Attention, ça brûle !

Pascal Chabot, Jean-François Mattéi, propos recueillis par Patrick Williams publié le 21 mars 2013 14 min

Le burn-out est le nouveau mal du siècle : à l’image de nos cinq témoins, il frappe ceux que leur angoisse perfectionniste ou un management pervers dévore. Mais il marque aussi le signal d’une nécessaire transformation de notre rapport au travail, soutient Pascal Chabot, l’auteur de “Global Burn-out”.

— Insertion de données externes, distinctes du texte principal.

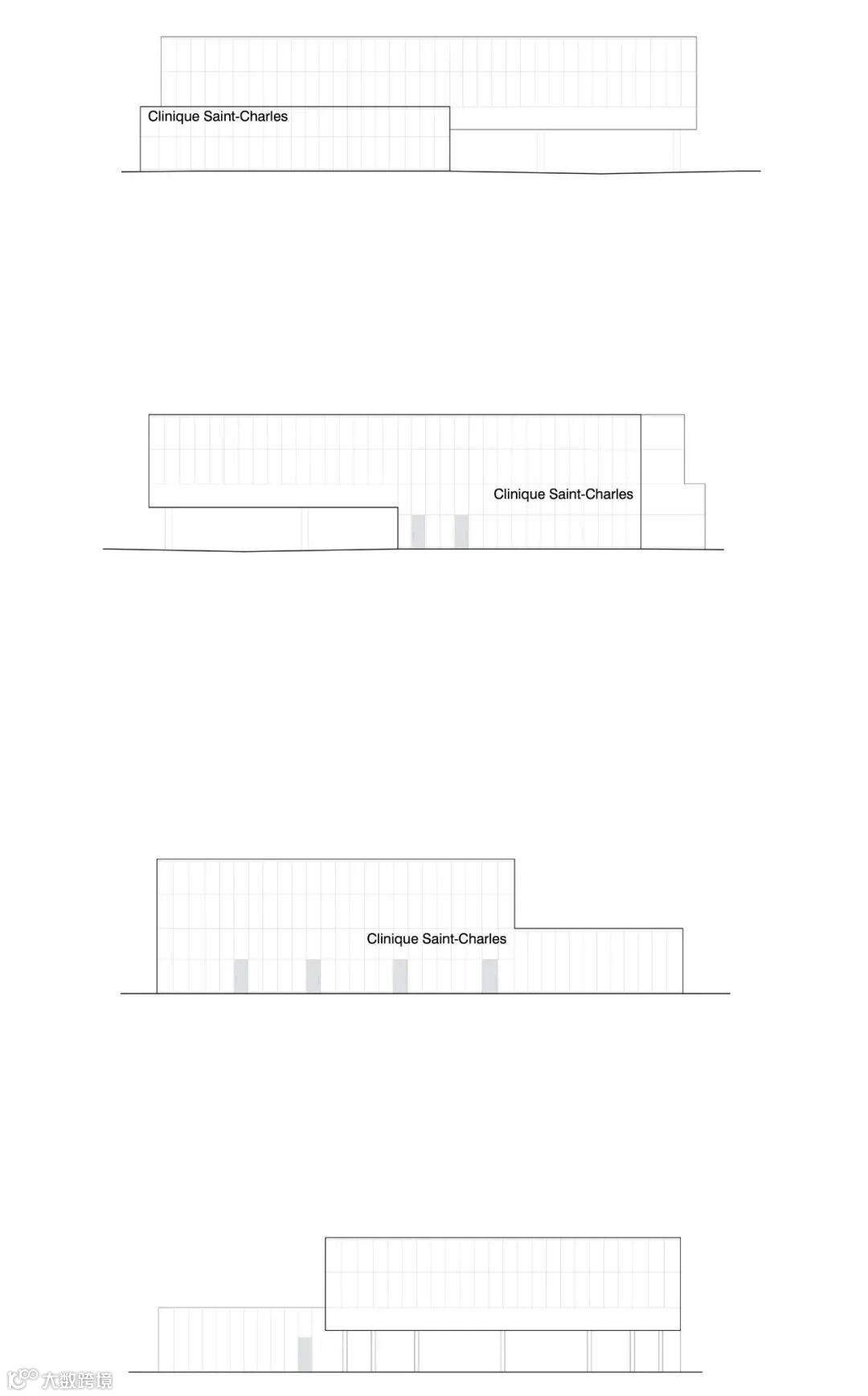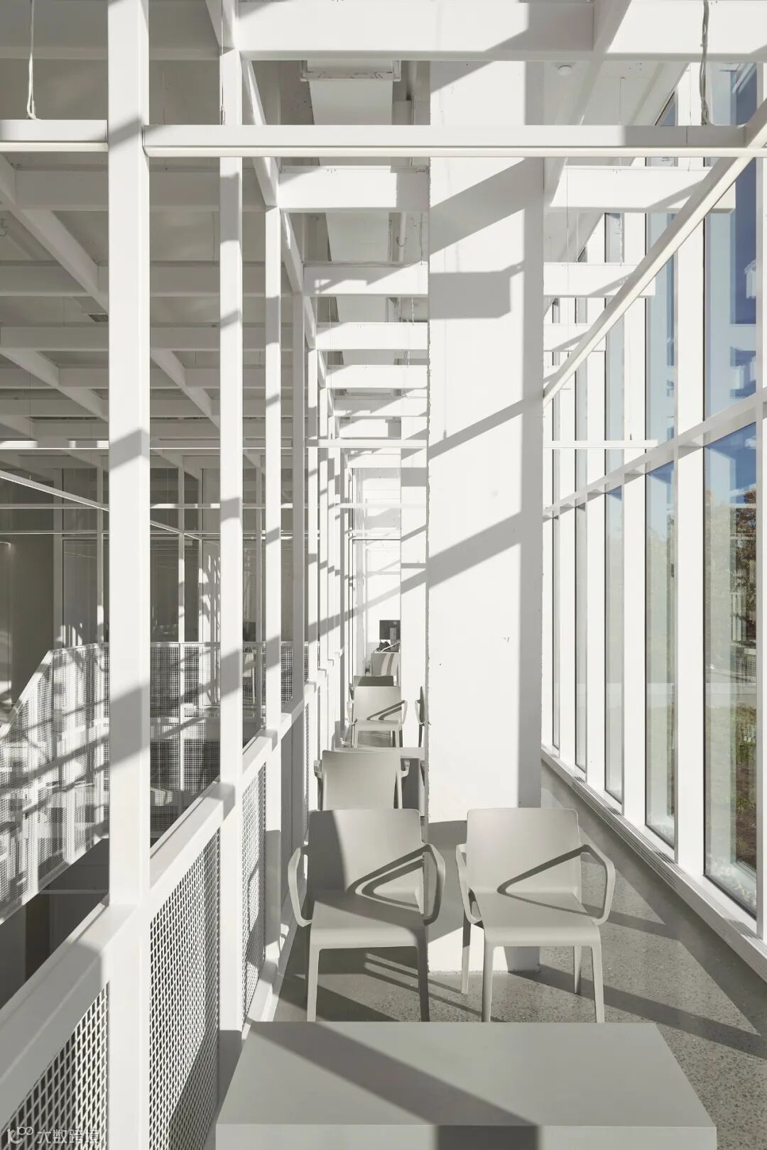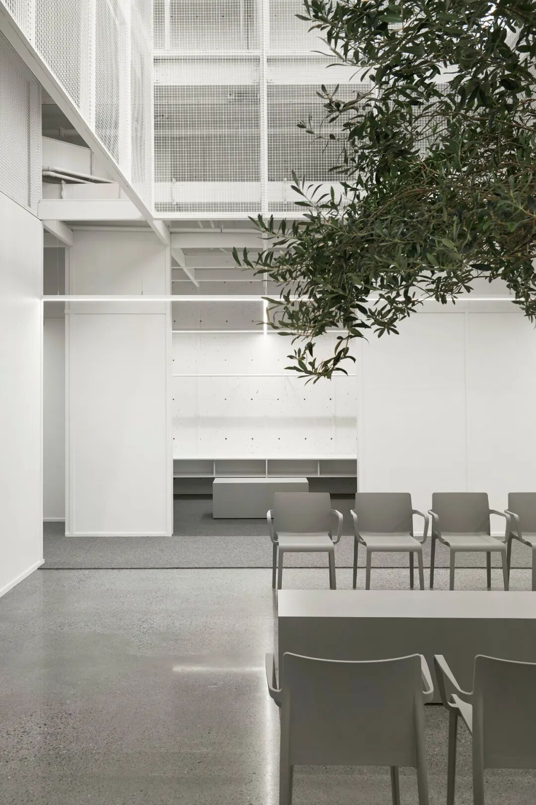 框架的衔接产生了影子游戏,与建筑元素相结合,显示出一种唤起大自然丰富的视觉诗意。这些策略被用来强调内部和外部之间的对立,并通过对比和逆光来优化白色的主导地位感。除了建筑上的表现力,该诊所还通过增加绿地和邻近建筑的形象,使之和谐地融入其所在区域,形成一种和解的镜像效果。

« La généalogie du concept de burn-out est passionnante. Le terme est inventé par le psychiatre américain Herbert J. Freudenberger dans les années 1970. Celui-ci travaillait à New York avec des toxicomanes, à qui le terme “burn out”, une “consumation de l’intérieur”, était parfois appliqué. Mais, bientôt, Freudenberger s’est aperçu que le personnel soignant montrait lui aussi des signes d’épuisement émotionnel et mental : trop de travail, trop d’idéalisme, trop d’investissement. Les soignants de cette free clinic se sentaient vidés, exténués, incapables de récupérer. Ils en faisaient toujours plus, s’isolaient, niaient le malaise jusqu’à un phénomène de dépersonnalisation : attitudes cyniques, comportements autodestructeurs, profonde autodépréciation. Mais le terme de Freudenberger a une origine encore plus ancienne. Il apparaît dans le roman de Graham Greene, A Burnt-Out Case, écrit en 1961. Cette expression était utilisée dans les léproseries pour parler des cas où la maladie trouve un arrêt après qu’il y a eu perte des orteils et des doigts. En somme, le mal s’est tari, “consumé” : le patient est un burnt-out case. Il a perdu, avant de guérir, tout ce qui est susceptible de se consumer. Ainsi le burn-out, maladie qui brûle tout de l’intérieur, est-il aussi le signe d’une guérison, d’un dépouillement, d’une libération. C’est toute son ambiguïté étonnante qui résonne avec la situation actuelle : à la fois syndrome d’épuisement et possibilité de changement.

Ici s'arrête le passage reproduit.